Exercise goal => Some lines below hold "dijete". Pick them out and copy them.

Records supplied =>
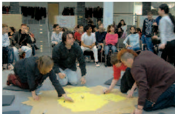
Konzentriert und zielgerichtet: Die Teilnehmer/innen des Open Space bestimmen ihre Themen selbst.

gang mit rechtsgerichteten Jugendlichen. Nicht mehr alle
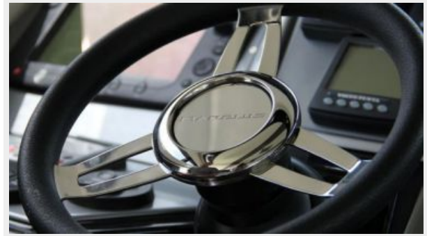
IPS Joystick Control
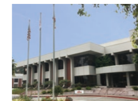
KAGA FEI AMERICA, Inc.
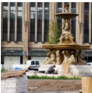
Schalenbrunnen vor dem Kaufhof
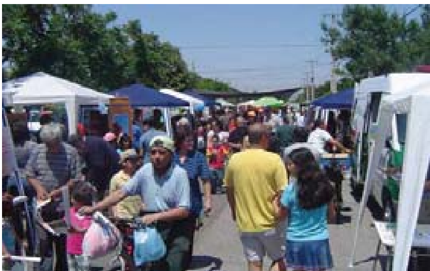
Feria de Seguridad Ciudadana con puestos de información de las diferentes asociaciones sociales, programas y servicios públicos, cuyo propósito es entregar información a los vecinos del sector.

o moral y por eso mismo, en la actualidad evita concebir a estos espacios como espacios de convivencia y socialización.
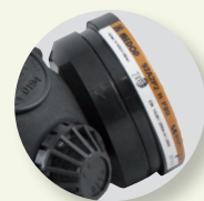
Filtro con raccordo filettato

Design migliorato con un maggior volume interno, offrendo una comodità superiore durante la respirazione. Maggior comfort respiratorio grazie ai suoi due filtri e alla sua valvola di esalazione. Questo modello permette l'uso combinato con altri dispositivi di protezione. I filtri si agganciano mediante raccordo filettato, fornendo una maggiore durata e una minore resistenza alla respirazione.
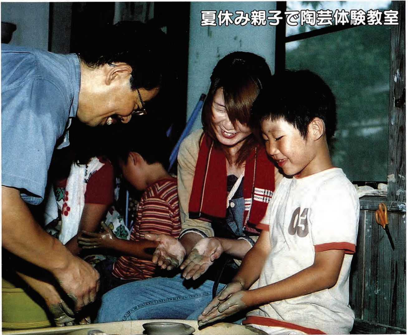
夏休み親子で陶芸体験教室
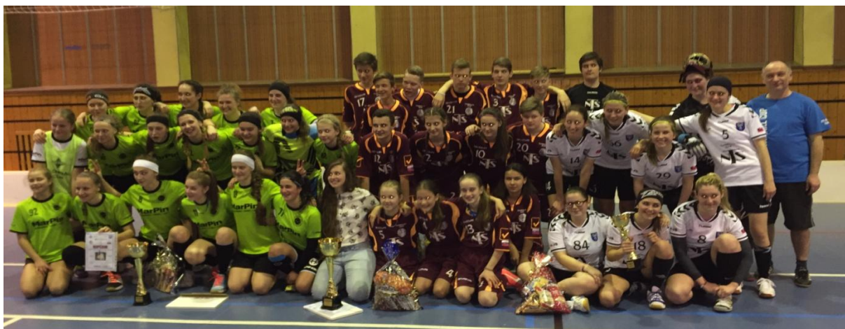
Veľkonočný turnaj vo florbale

Nominácia junioriek SR na prípravný zápas v Českej Rokytnici:
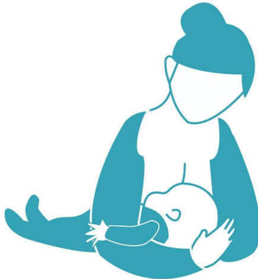
Majka doji dijete u položaju „nogometne lopte“(9)

Dijete se stavlja majci na bok i drži ga se između boka i ruke. U dlanu svoje ruke drži djetetovu glavicu, a leđa podupire podlakticom, noge su usmjerene prema majčinim leđima, a usta djeteta su u visini bradavice. Ispod djeteta se stavi jastuk kako bi dijete bilo u pravoj visini i nosićem moglo dotaknuti bradavicu.
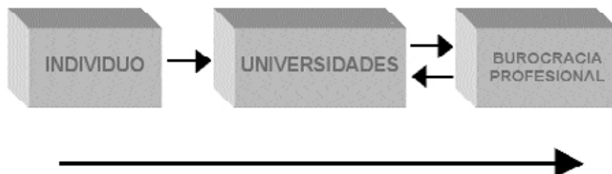
Gráfico 1 Flujo de recursos humanos de las universidades hacia las organizaciones de profesionales
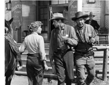
1954 L'HOMME DES PLAINES (The Boy from Oklahoma) de M. Curtiz avec N. Olson, W. Rogers Jr
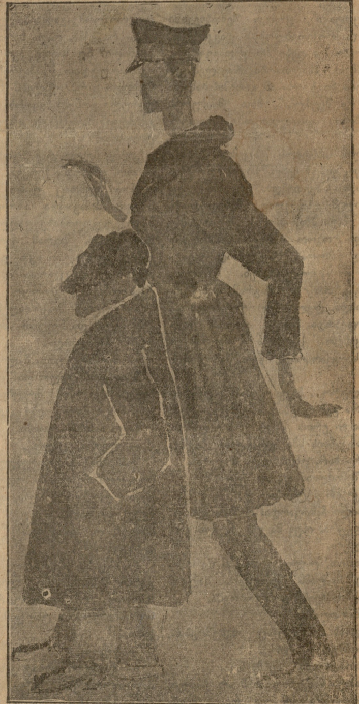
ერისთავი და შავარდნაძე: „ფრესკებისაკენ!“
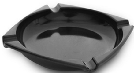
9033 - Square nero 104x104 mm 53 grammi Altezza 18 mm
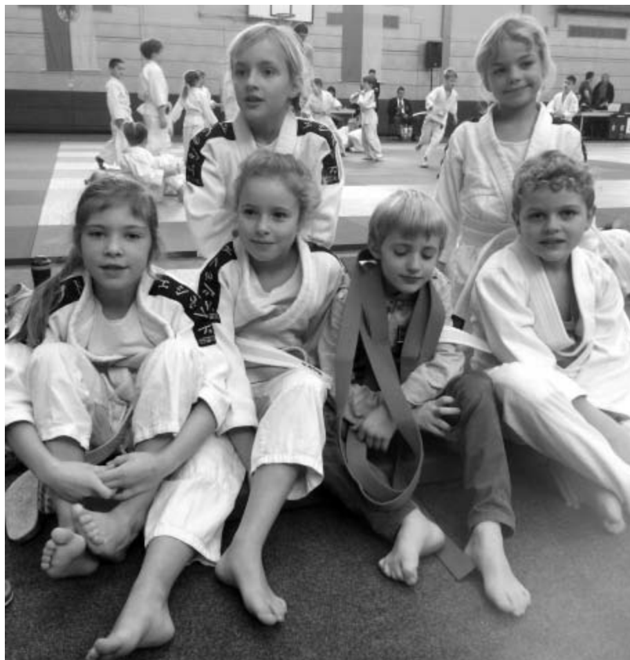
Der Judo-Nachwuchs der SG Geltow auf Erfolgskurs.

Der Vorstand gratuliert zu diesem erfreulichen Ergebnis und wünscht den Keglern weiterhin viel Erfolg.
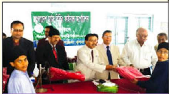
খুলনা জেলার পাইকগাছা উপজেলায় শীতবস্ত্র বিতরণ
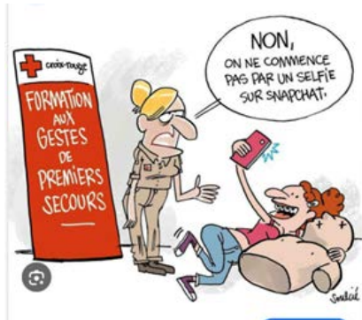
© SOULCIÉ, Thibaut, « Formation secourisme PSC1... - Comité Départemental triathlon Indre et Loire », Iconovox , publié le 15 janvier 2017, (Consulté le 10 septembre 2025).

Written response =>
Majka doji dijete u položaju „nogometne lopte“(9)
Dijete se stavlja majci na bok i drži ga se između boka i ruke. U dlanu svoje ruke drži djetetovu glavicu, a leđa podupire podlakticom, noge su usmjerene prema majčinim leđima, a usta djeteta su u visini bradavice. Ispod djeteta se stavi jastuk kako bi dijete bilo u pravoj visini i nosićem moglo dotaknuti bradavicu.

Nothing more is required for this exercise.